The state Department of Transportation and the Federal Highway Administration, which oversee the grants, “both have an enormous amount of money invested in this,” Tenke said, referring to the city’s plan to establish permanent ferry service between Glen Cove and Manhattan. “They both want to see this be successful.”
The city applied for the grants in 2004, according to Ann Fangmann, executive director of the Glen Cove Community Development Agency. “We’re talking almost 15 years later,” she said. “Things change.”
The biggest change that has impacted the city’s ability to establish the service is the Garvies Point development.
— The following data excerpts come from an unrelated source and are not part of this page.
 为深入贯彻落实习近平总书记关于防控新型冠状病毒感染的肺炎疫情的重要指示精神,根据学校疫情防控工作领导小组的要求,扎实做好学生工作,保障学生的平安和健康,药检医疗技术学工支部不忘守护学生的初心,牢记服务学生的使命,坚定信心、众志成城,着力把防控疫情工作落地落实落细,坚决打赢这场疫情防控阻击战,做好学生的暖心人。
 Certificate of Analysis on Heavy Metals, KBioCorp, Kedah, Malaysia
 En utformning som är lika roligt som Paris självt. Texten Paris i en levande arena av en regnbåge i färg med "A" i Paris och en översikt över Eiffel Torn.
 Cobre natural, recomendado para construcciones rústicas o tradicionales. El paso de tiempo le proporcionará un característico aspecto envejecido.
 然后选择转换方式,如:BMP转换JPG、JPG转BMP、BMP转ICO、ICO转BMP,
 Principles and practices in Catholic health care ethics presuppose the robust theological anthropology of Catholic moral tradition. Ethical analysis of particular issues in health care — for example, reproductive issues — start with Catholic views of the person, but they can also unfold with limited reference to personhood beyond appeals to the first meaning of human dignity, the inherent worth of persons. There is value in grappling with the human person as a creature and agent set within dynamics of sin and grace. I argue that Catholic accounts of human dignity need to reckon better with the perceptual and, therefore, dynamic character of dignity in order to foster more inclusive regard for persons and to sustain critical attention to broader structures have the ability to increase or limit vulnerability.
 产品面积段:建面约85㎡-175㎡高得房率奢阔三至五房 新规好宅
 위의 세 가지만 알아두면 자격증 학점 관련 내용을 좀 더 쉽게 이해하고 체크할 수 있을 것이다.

While it is under way, barges carrying construction materials could interfere with the ferry’s travel routes, Tenke said, and could pose a safety risk.
“They just want to be sure that [a ferry service] is actually going to happen,” said Deputy Mayor Maureen Basdavanos said of the DOT and the FHA. “That’s what we’ve wanted all along ourselves.” Basdavanos added that grant administrators were looking for tangible steps by the city to retain a ferry operator.
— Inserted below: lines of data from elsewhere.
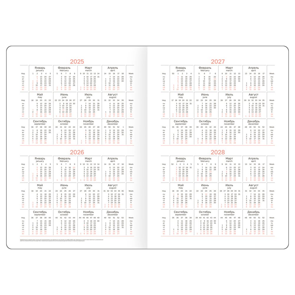 Практичная закладка-ляссе поможет быстро найти нужную страницу, а тонированный в цвет обложки срез придаёт изделию завершенный и стильный вид. Внутри предусмотрена справочная информация, годовой планер, календарь и другие полезные сведения. Подходит под персонализацию. Индивидуальная упаковка в термоусадочную пленку.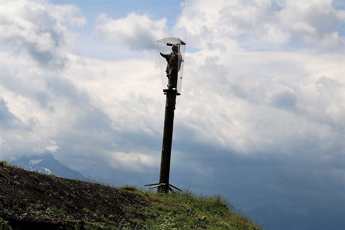 Wer die Marienberg Alm besucht, kann dort jetzt Hut und Anstecknadel erwerben. „Zu einem fairen Preis“, sagt der Hüttenwirt und zeigt uns am geheizten Hüttenofen, was man dafür bekommt. Bei unserem Besuch auf der Marienberg Alm war es gestern regnerisch und für die Jahreszeit noch recht kühl. „Kein Postkartenwetter“, sagt ein enttäuschter Wanderer, der mit seiner neuen Kamera auf ein paar Sonnenstrahlen wartete.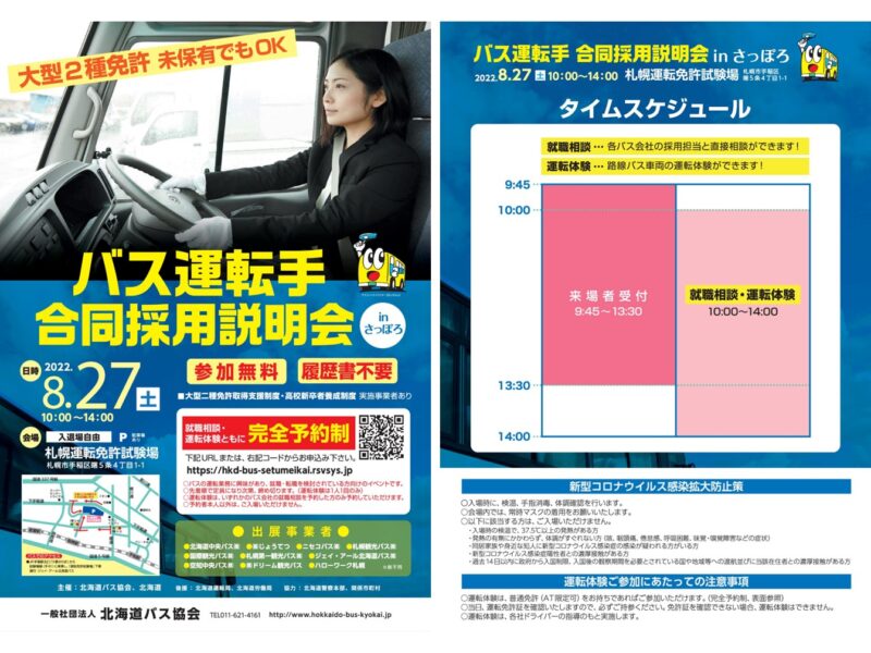 8月27日(土)に3年ぶりに「バス運転手合同採用説明会inさっぽろ」を開催いたします。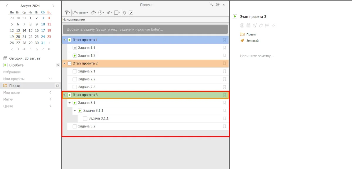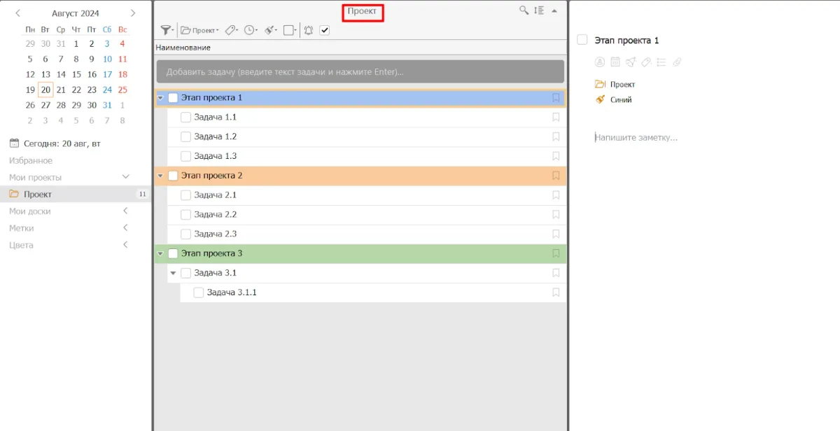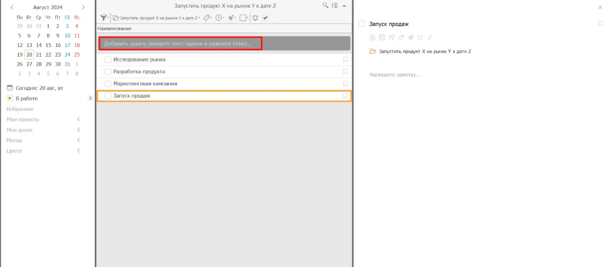 - Разбейте проект на несколько крупных этапов — исследование рынка, разработка продукта, маркетинговая кампания, запуск продаж. Для этого просто добавьте задачу наверху в поле ввода. Каждый этап станет отдельной задачей верхнего уровня.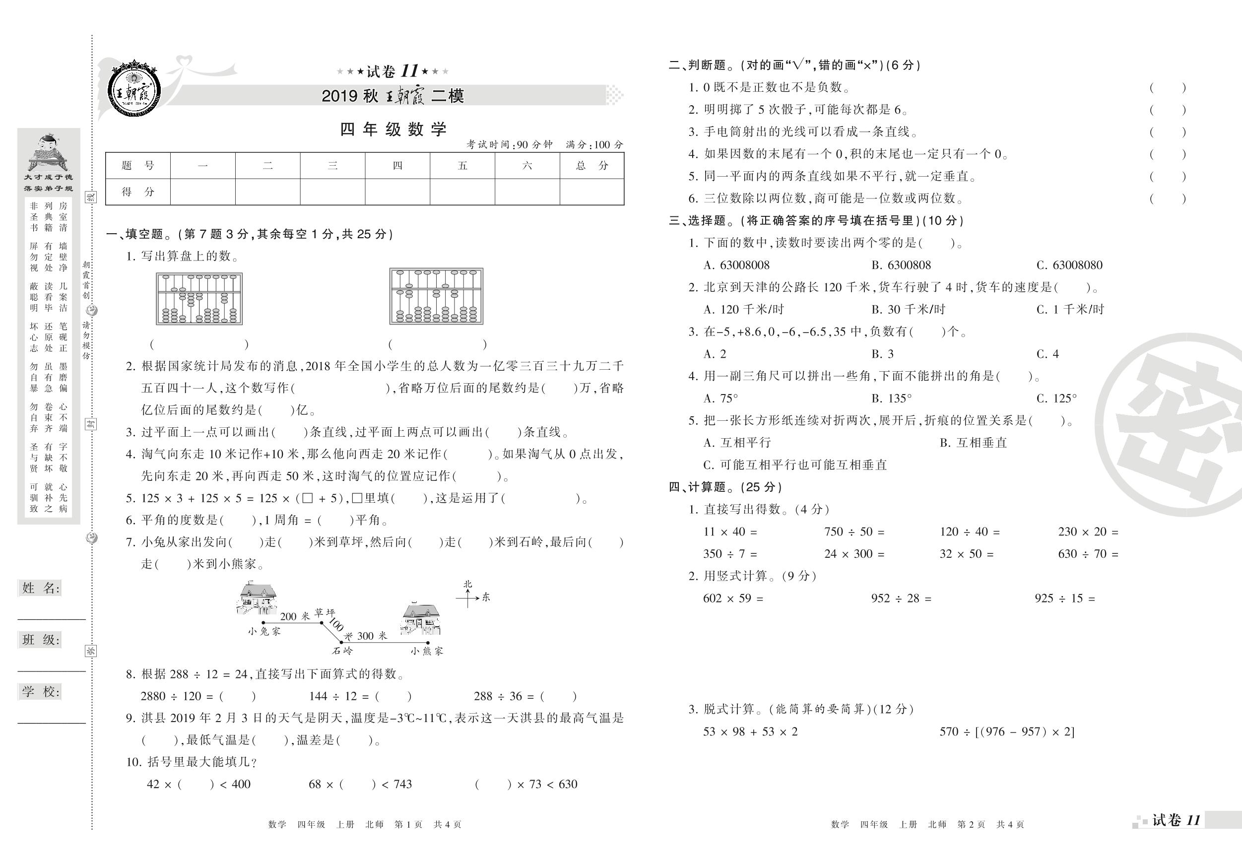 王朝霞期末模拟卷四年级上册数学(北师版)_R210804145222【11】
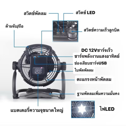 #พัดลมแคมป์ปิ้ง #พัดลมโซล่าเซลล์ #พัดลมมีแบตในตัว #พัดลมพกพา #พัดลม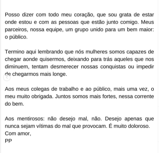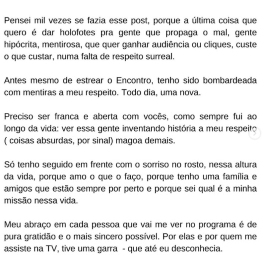 A apresentadora disse que não se importa com as críticas que recebe pelo seu desempenho no programa, mas que não vai mais aceitar as "mentiras e especulações" que andam circulando sobre os bastidores. Leia na íntegra a nota publicada pela apresentadora.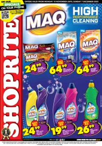 www.shoprite.co.za www.shoprite.mobi follow us on OFFERS VALID FROM MONDAY 10 NOVEMBER UNTIL SUNDAY 7 DECEMBER 2025 OFFERS VALID FROM MONDAY 10 NOVEMBER UNTIL SUNDAY 7 DECEMBER 2025. PRICES APPLY TO SHOPRITE WESTERN CAPE ONLY (EXCLUDING BEAUFORT WEST, GEORGE, KNYSNA, MOSSEL BAY, OUDTSHOORN AND PLETTENBERG BAY). WHILE STOCKS LAST. WE RESERVE THE RIGHT TO LIMIT QUANTITIES. NO TRADERS. VAT INCLUDED. ERRORS AND OMISSIONS EXCEPTED. CUSTOMER CARE LINE 0800 01 07 09 (TOLL-FREE). SAVE R10 6499 MAQ AUTO WASHING POWDER 2kg each SAVE R5 6499 MAQ HAND WASHING POWDER 2kg SAVE R5 1999 MAQ ALL PURPOSE CLEANER all variants 750ml each SAVE R5 2499 MAQ THICK BLEACH all variants 750ml each SAVE R3 2699 MAQ DISHWASHING LIQUID 750ml WCFOSLDQGR/E 2kg 2kg 2499 MAQ FABRIC SOFTENER REFILL all variants 500ml each

The city is creating an action plan, as well as a short- and long-term timeline to put it in motion.
Tenke said that ferry operators are looking for subsidies that would reduce their financial risk. Operators are concerned, he said, because there is no way to predict whether a sufficient number of Glen Cove commuters would use a ferry. New York City subsidizes almost all of the ferries that use its ports, Tenke explained, adding that he couldn’t imagine that a Glen Cove ferry could operate any differently.
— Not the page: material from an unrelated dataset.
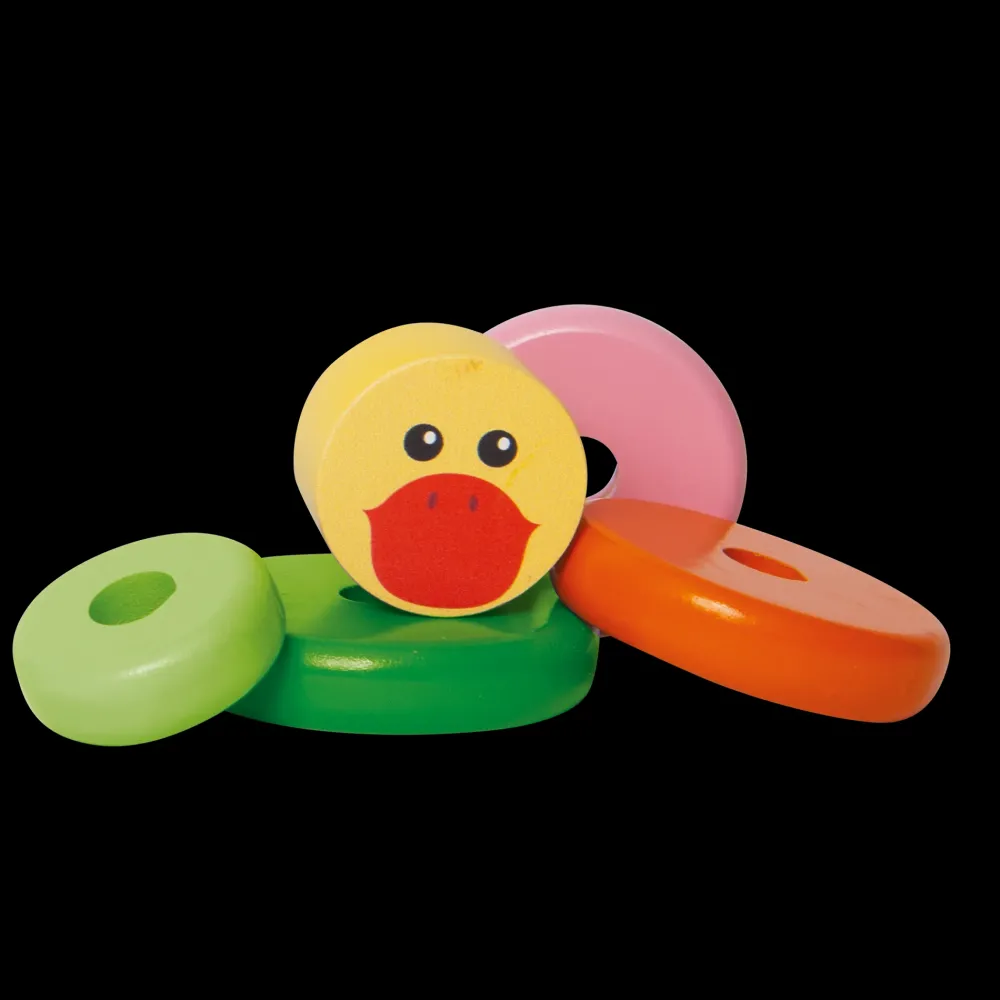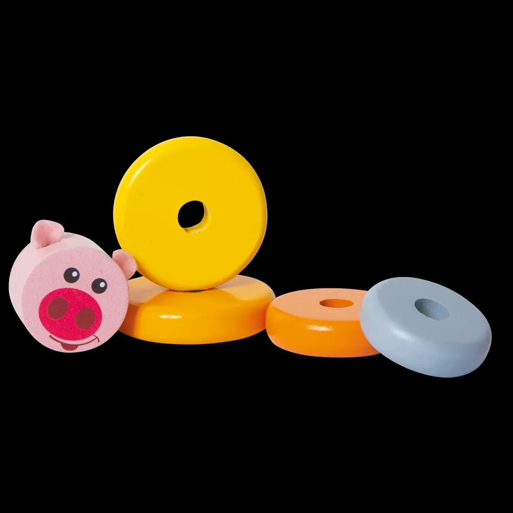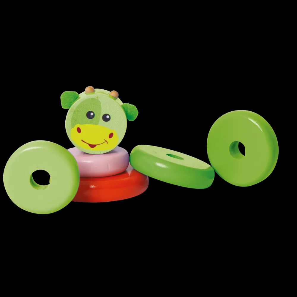 – Gli Anelli Impilati Formano 4 Simpatici Animali Con Dettagli In Tessuto: Mucca, Maialino, Gatto E Papera.

The real estate company behind the Garvies Point development, RXR Realty, has already offered up to $1 million in subsidies, according to Basdavanos. Officials at RXR — which features the ferry as a selling point on the website for the Garvies Point project — have told city officials that they hope that a ferry service within walking distance of the 1,110 condominiums and apartments they are planning to build will help attract New York City commuters to buy or rent. Once the project is complete and ferry service is up and running, Tenke said, he estimated that 50 percent of regular ferry riders would be Garvies Point residents.
City Councilman Kevin Maccarone said that the ride into Manhattan on the Long Island Rail Road is almost a half-hour longer for Glen Cove residents than it is for those in nearby communities, and the trains don’t run as frequently. “Having this ferry would greatly alleviate [our residents’ commute],” he said. “It’s a little quicker, it’s a nice view,” and for Garvies Point residents, the walk to the ferry terminal would take less than five minutes.
Maccarone said he was concerned that the low ridership for the ferry service last year, during the LIRR’s so-called “summer of hell,” may have dissuaded potential operators from bidding to provide the service. But, he noted, the Metropolitan Transportation Authority-run service offered only two morning and two evening trips, all four of which were about an hour too early for most commuters. “No one wants to get into the city at 7:45 a.m. and then sit around for an hour,” Maccarone said.
If there were more trips scheduled at more appropriate times, he said, he is confident that more residents would take advantage of the ferry. He also said that even though Glen Cove doesn’t have a reputation as a weekend destination, with more commercial development, a ferry service that offered off-peak — and especially weekend — trips could potentially bring New York City-dwellers out to the North Shore for recreation. “There’s an endless amount of opportunity,” Maccarone said.